Binance, it's great. Love em, BNB for 50% off fees is a great gimmick, too.

Now, for the reason why I can't go to sleep: https://twitter.com/binance/status/1011429499114672128




https://twitter.com/cz_binance/status/1011472294365913089



https://support.binance.com/hc/en-us/articles/360005155491



https://support.binance.com/hc/en-us/articles/360005156431



https://twitter.com/BitMEXdotcom/status/1011556995323891713




Bitstamp vs. Binance (my Bitfinex chart is covered in shit)




I even had a stop-loss in place that I cancelled minutes before trading was supposed to resume because I didn't want some bot to take it out. Then they delayed it, depending on where the price goes that could screw me.


----------



## neger psykolog (Jun 26, 2018)

binance's best quality is speed and that they don't have a thousand different wallets/coins implements so transfers are actually pretty rapid. The mobile app is also good, I don't think many exchanges have their own apps or "good ones".

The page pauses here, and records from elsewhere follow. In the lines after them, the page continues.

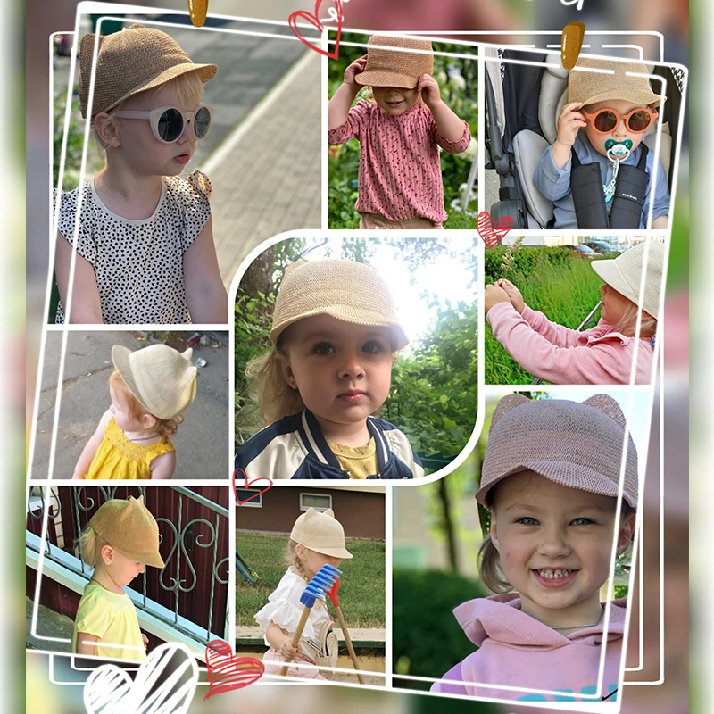 Симпатичная Детская шляпа с ушками, летняя соломенная сетка, шляпа для маленьких девочек и мальчиков, Snapback, детская бейсбольная кепка, пляжная шляпа от солнца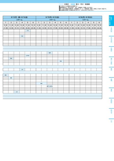 この色のマスが授業のある時限です。●同一名称の講座は設置校舎・設置期間(ターム)・授業時間(時限)が異なっても同一内容です。●担当講師は変更になる場合がありますので、あらかじめご了承ください。大阪校/東大・京大・医進館上本町校天王寺校京都校神戸三宮校豊中高槻堺東岸和田西大寺八木大阪校東大・京大・医進館●この色のマスが授業のある時限です。●講習期間中は、高3生も東大・京大・医進館にて受講いただけます。●同一名称の講座は設置校舎・設置期間(ターム)・授業時間(時限)が異なっても同一内容です。●担当講師は変更になる場合がありますので、あらかじめご了承ください。8/12(月・振)~8/16(金)123ターム3456128/19(月)~8/23(金)4ターム3456128/26(月)~8/28(水)5ターム34569:30〜11:0011:2013:4015:3017:2019:10〜〜〜〜〜12:5015:1017:0018:5020:409:30〜11:0011:2013:4015:3017:2019:10〜〜〜〜〜12:5015:1017:0018:5020:409:30〜11:0011:2013:4015:3017:2019:10〜〜〜〜〜12:5015:1017:0018:5020:40久末中田山本(和)神坂佐野神坂上住島田島田上住島田北野・山本(ま)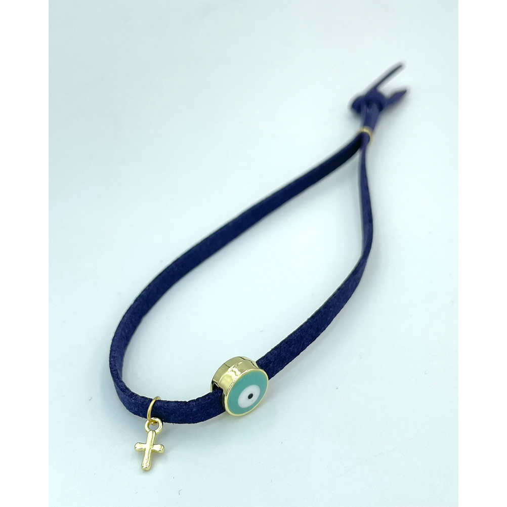 Μαρτυρικά βραχιολάκια για βάπτιση μπλε σκούρο με ματάκι και σταυρουδάκι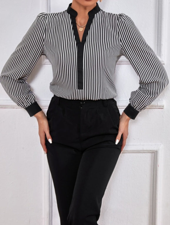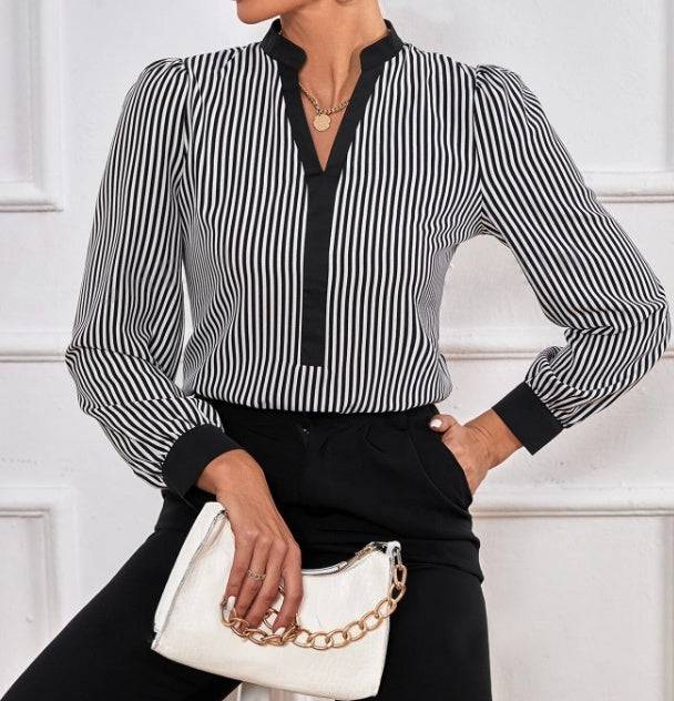 Ladies' New Striped V-neck Cuff Collar Color Block Splicing Fashion Shirt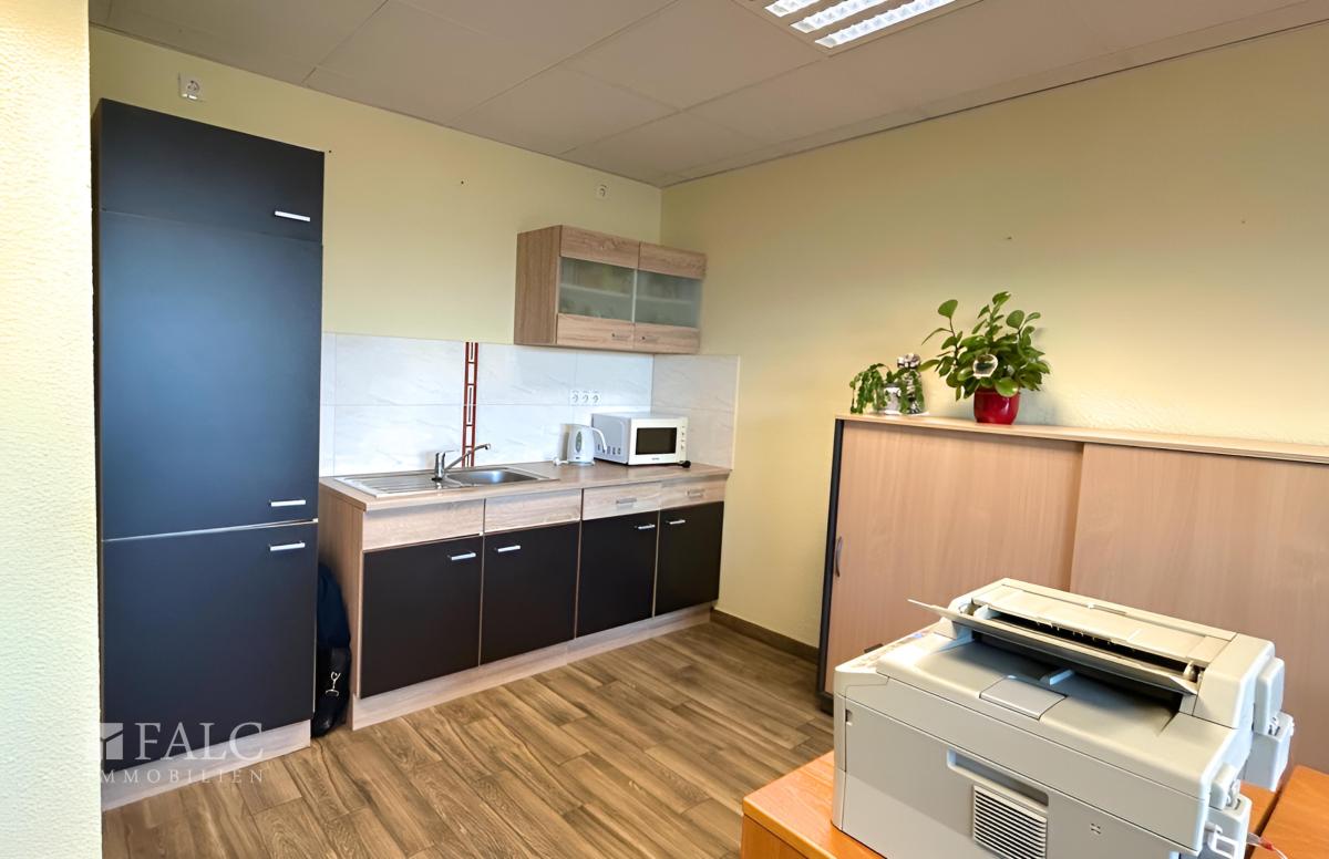 Der Bürobereich mit ca. 119 m² bietet zwei helle Büroräume, von denen einer mit einer integrierten Küchenzeile ausgestattet ist. Ergänzend stehen ein Damen-WC sowie ein Herren-WC zur Verfügung. Ein großzügig geschnittener Arbeitsbereich ermöglicht vielseitige Nutzungskonzepte und unterstützt effiziente betriebliche Abläufe.

What still pisses me off about all exchanges is they never tell you profit/loss on your previous trades. You basically have to pull it out and do manual calculations which is gay and boring.


----------



## CrunkLord420 (Jun 26, 2018)

While reading twitter I saw this one double your coin scammer, and noticed the twitter account was registered back in November 2012 and only recently started posting again. Fucking what? https://archive.fo/VQKzj


----------



## Hell0 (Jun 26, 2018)

i dont trust crpyto currency, i have invest all my money in the waterslide industry. its a much safer investment


----------



## millais (Jun 26, 2018)

"FUNDOS ARE SAEFU"


----------



## CrunkLord420 (Jun 26, 2018)

millais said:


> "FUNDOS ARE SAEFU"





BASED


----------



## CrunkLord420 (Jul 17, 2018)

Binance's fucking website crashed in the middle of this insane candle we're having now. But the API is still running and active. Like what the actual fuck Binance.







EDIT: and it seems we're back, Binance was down for like 30 minutes. The annoying part is it didn't stop trading, people with valid API keys could keep trading. I tried to use some CLI scripts I wrote but my API keys were invalidated during the Syscoin thing.


----------



## LastOfTheMohicans (Jul 17, 2018)

So what you're saying is I should never actually use Binance's official front end to trade if I ever get into trading.

I should build a bot/client/frontend that just calls the API.

Ok.


----------



## unfathomable (Aug 9, 2018)

If you haven't heard of trade dash you should check it out.

Lets you trade on multiple exchanges from one GUI program. Binance and Bitstamp were the only two supported last time I checked. The devs are active on discord. I haven't used it in awhile.


----------